A month before the European elections, EURACTIV’s partner Ouest-France offered subscribers the opportunity to visit the European Parliament in Strasbourg and meet 13 MEPs. The trip helped one student conclude that she and her peers know very little about how the EU works and how useful it is.
After seeing behind the scenes of the European Parliament and meeting 13 MEPs from different political groups for three days, one of nine Ouest-France subscribers was surprised to see MEPs attempting to work together and realised that students are actually very poorly informed about the EU and its usefulness.
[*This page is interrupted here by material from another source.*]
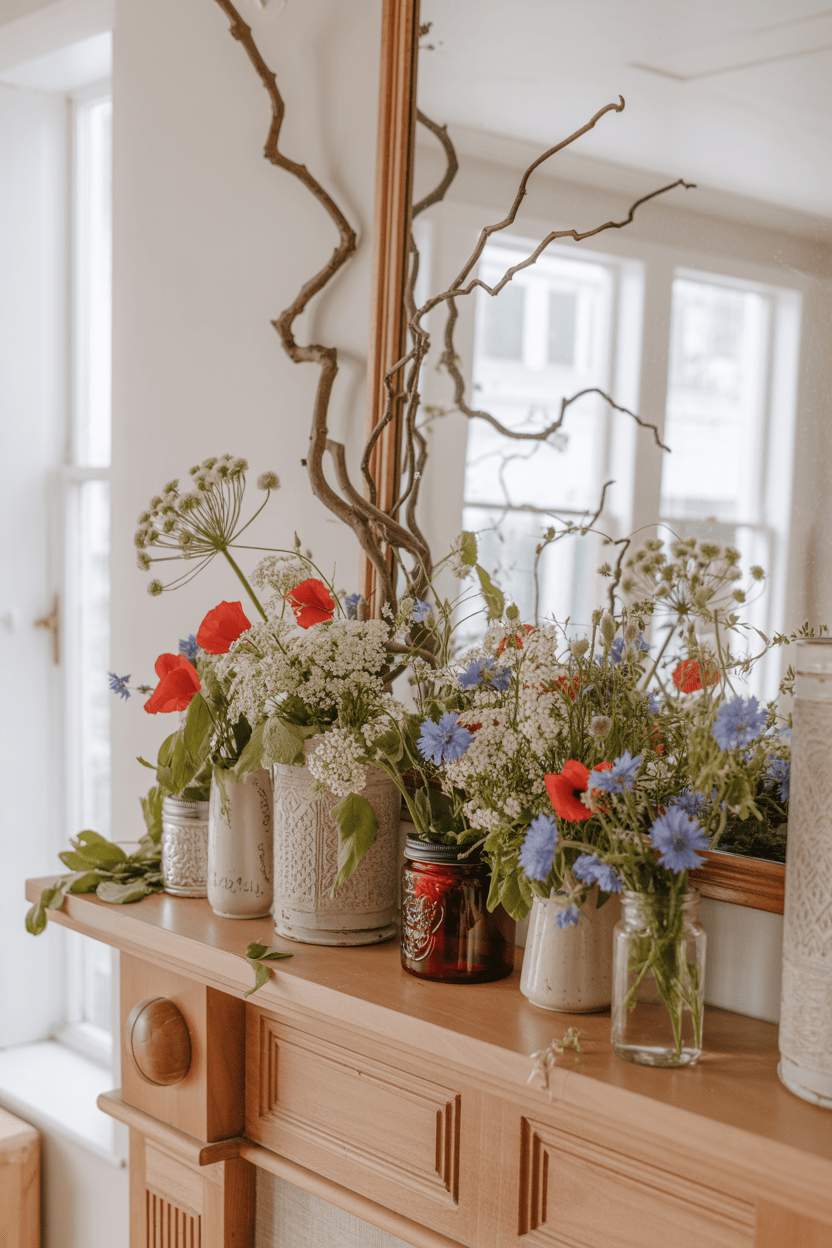16. Nature-inspired patriotic mantel with branches and wildflowers

“It is almost like a dream to see how the European Parliament works from the inside. In any case, it is a unique opportunity that I would not have considered to take part in by myself.” On the train that took her to Strasbourg, Mouna Elloumi, a management student at Vannes, did not hide her joy.
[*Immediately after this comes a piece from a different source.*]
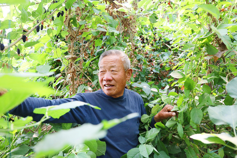 桑葚作为一种药食两用的水果,酸甜多汁,让人口舌生津,深得居民喜爱。据大棚负责人葛钦介绍,通过近年来的不断摸索,他已经掌握了科学施肥、剪枝等关键种植技术,今年的桑葚不仅挂果多、口感香甜。

“MEPs really know their subject, fight for their issues and work together, even when they are not from the same political party. This is comforting because it is not always the image we have of the European Union. Too often, the media show MEPs who are known but constrained by their party: this does not represent the majority,” said a surprised Mouna Elloumi.
“Among students, we don’t talk about Europe”
“I particularly appreciated the exchanges and the frankness of MEP Edouard Martin,” Mouna recalled. French MEP Martin, with whom the subscribers had dinner, is a trade unionist who had taken the lead in the fight against the closure of the Florange blast furnaces.
“The same goes for Karima Delli (elected under the EELV banner), who spoke of environmental protection.”
Mouna Elloumi is now more familiar with the European institutions and their role.
“I intend to talk about this visit to the people I know. Among students, there is very little discussion about politics and even less about Europe,” she said.
“Especially with Erasmus, one could think that my generation has a strong connection to the EU. But not everyone knows the programme, and I think that overall, we are not sufficiently informed about how useful the EU is.”